December 4, 2017 Leave a comment

Problem A3. Denote {\phi = f-g}. Then {\phi} is continuous and {\int_a^b \phi = 0}. We can see that

\displaystyle I_{n+1}-I_n = \int_a^b (f/g)^n \phi = \int_{\phi\geq 0} (f/g)^n \phi+ \int_{\phi<0} (f/g)^n \phi

Now note that on {\{ \phi>=0\}} we have {f/g \geq 1} so {(f/g)^n \phi \geq \phi}. Furthermore, on {\{\phi<0\}} we have {(f/g)^n <1} so multiplying with {\phi<0} we get {(f/g)^n \phi \geq \phi}. Therefore

\displaystyle I_{n+1}-I_n \geq \int_{\phi \geq 0} \phi + \int_{\phi<0} \phi = \int \phi = 0.

To prove that {I_n} goes to {+\infty} we can still work with {I_{n+1}-I_n}. Note that the negative part cannot get too big:

\displaystyle \left|\int_{ \phi <0 } (f/g)^n \phi \right| \leq \int_{\phi<0} |\phi| \leq \int_a^b |f-g|.

As for the positive part, taking {0<\varepsilon< \max_{[a,b]} \phi} we have

\displaystyle \int_{\phi\geq 0} (f/g)^n \phi \geq \int_{\phi>\varepsilon}(f/g)^n \varepsilon.

Next, note that on {\{ \phi \geq \varepsilon\}}

\displaystyle \frac{f}{g} = \frac{g+\phi}{g} \geq \frac{g+ \varepsilon}{g}.
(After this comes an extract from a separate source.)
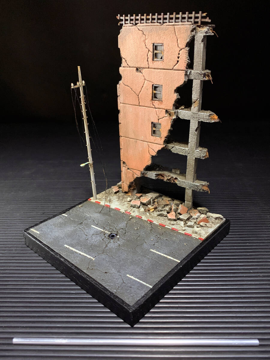 :ジオラマの大きさは台座を含めて105×105×145(横幅×奥行き×高さ。mm単位)程になります。 :使用した材料は、スチレンボード(複数種)、石膏、Nゲージ用品(複数種)、プラ材(複数種)、透明エポキシ樹脂、銅線、真鍮線、カタン糸、ジェッソ、ABSパイプ、木(複数種)などです。 :建物はスチレンボードとプラ材・銅線を組み合わせて制作。地面もスチレンボードから制作しています。 :窓枠を一つずつプラ棒で制作し、そこに割れたガラス(透明プラ板)を接着して廃墟感を演出しています。 :路面に散らばる割れたガラスを表現するため、細かく切り出した透明プラ板や、薄く伸ばして整形した透明エポキシ樹脂を砕いたものを蒔いています。 :路面の縁石は海外でたまに見かける紅白模様(国内にあるかは未確認)に塗装し、アクセントとしています。また道路標識の破線間隔も国内基準とは違い、幅が狭いものにしています。 :電柱や廃ビル屋上の柵はNゲージのものを使用。電線はカタン糸に接着剤を染み込ませてクセを作っています。 :彩色は全て水性塗料で塗装しています。また各部のウェザリングは油彩塗料を使用しています。 :台座は加工整形後に、アサヒペンの水性スーパーコート(つや消し黒)で仕上げています。 :塗装は全て、筆塗りによる手作業です。そのため多少のムラが生じる場合がございますが、味だと思っていただければ幸いです。 |
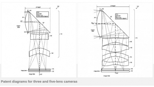 สิทธิบัตรนี้มีชื่อว่า “Folded lens system” ซึ่งแสดงรูปแบบของการชิ้นเลนส์แบบ Periscope แบบเดียวกับที่ใช้ในสมาร์ทโฟนแอนดรอยด์หลายๆรุ่น ด้วยการวางชิ้นเลนส์ในแนวตั้ง 3 – 5 ชิ้นจากนั้นใช้แท่งปริซึ่มในการสะท้อนภาพซึ่งจะเน้นเพิ่มขีดความสามารถของมือถือให้ซูมได้ไกลขึ้น

We would need that the last term be larger than {1+\delta}. This is equivalent to {g\delta <\varepsilon}. Since {g} is continuous on {[a,b]}, it is bounded above, so some delta small enough exists in order for this to work.

Grouping all of the above we get that

\displaystyle I_{n+1}-I_n \geq \int_{\phi \geq 0} (f/g)^n \phi \geq \int_{\phi>\varepsilon} \varepsilon (1+\delta)^n.

Since {|\phi>\varepsilon|>0} we get that {I_{n+1}-I_n} goes to {+\infty}.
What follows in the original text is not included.